Experience as Caregivers
Emily Sneddon, a partner at the Little Rock law firm of Mitchell Blackstock Ivers & Sneddon, said her experience as a caregiver for her parents influenced her decision to purchase a long-term care policy. In that way, she is typical.
"When I spoke with my insurance agent about purchasing long-term care insurance, he told me the majority of his clients who inquired about this were middle-aged people who had been caregivers for their elderly parents," Sneddon said.
Sneddon began shopping for long-term care by acquiring information from the Arkansas Insurance Department. "I decided I wanted to go with a company that wrote a whole lot of other insurance business," she said. "A company with a lot of assets, because when all the baby boomers start making claims on this policy, it's going to be huge. I wanted a company that had the assets to be able to pay this."
Sneddon purchased her policy from State Farm, where she also has other kinds of insurance.
After exploring the different kinds of provisions, such as inflation protection or a steady rate, Sneddon purchased a policy that will hold some value even if she stops paying for it, but can only be used for long-term care. "My thinking on this was, I'll go ahead and get this policy and pay on it while I'm working. It accrues a maximum worth of benefits. If I quit working, my income goes down and I quit paying for it, I'll still have a certain amount of money solely for long-term care. If I never need long-term care, then the money is gone."
Long-term care policies have a reputation as somewhat of a luxury item, and Sneddon said she thought it would be difficult for most people to afford long-term care insurance.
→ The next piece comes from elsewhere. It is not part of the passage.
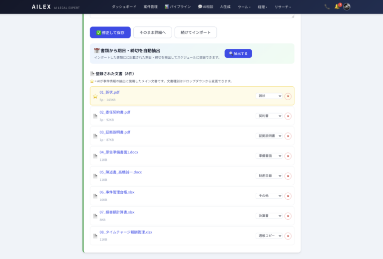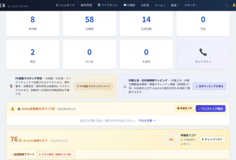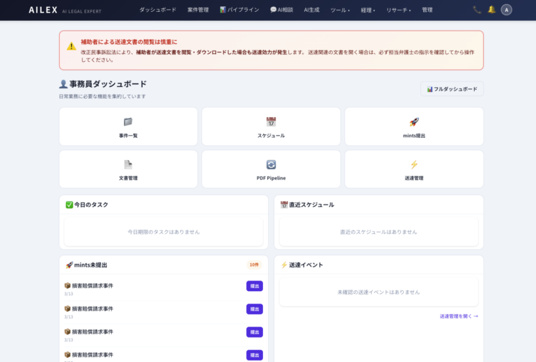 AILEXは、mintsへの提出準備から送達後の期限管理まで、 電子訴訟の実務をワンストップで支援します。
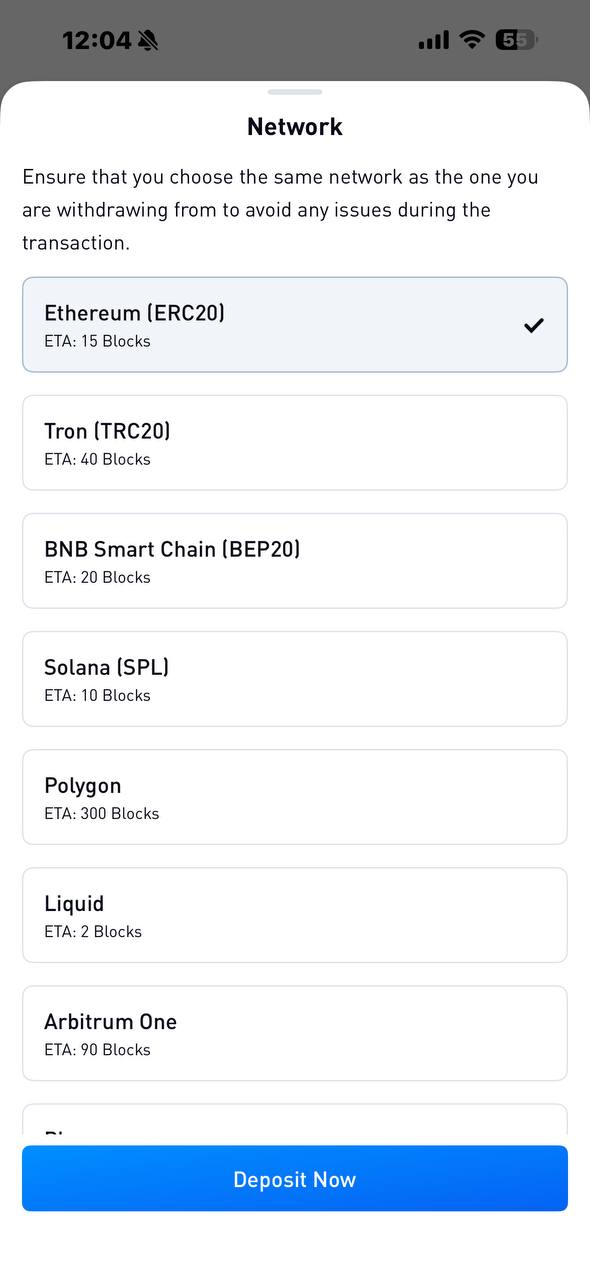 Step 3 — Select a network. Make sure this matches the network you're sending from in your external wallet — if unsure, check there first before continuing

Honey, however, thinks that they're aimed at a middle-class individual.
"If you're a low-income individual with very few assets, you would probably qualify for Medicaid if you needed long-term care," he said. "If you're a very wealthy individual you should be in a situation where you would be able to self-fund a situation where you would need long-term care. I think these are kind of a midrange type of product."
Honey cited his mother, a retired teacher, who purchased a long-term care insurance policy in her early 60s. A few years later her financial situation improved to the point where she decided to let her policy lapse and cover any long-term care needs that she might have out of her personal finances.
Slome said that while a person with little or no savings would have to depend on Medicaid, those with more income can make a personal choice. "If you have some savings, $150,000 to $200,000 or more, then you really need to look at some modest coverage," he said. Millionaires, on the other hand, can choose whether they want to purchase a policy or pay out of personal finances if the need arises.
"The thing I tell people," he said, "is that some coverage is better than no coverage. You should approach the purchase of long-term care insurance the same way you approach other insurance protection."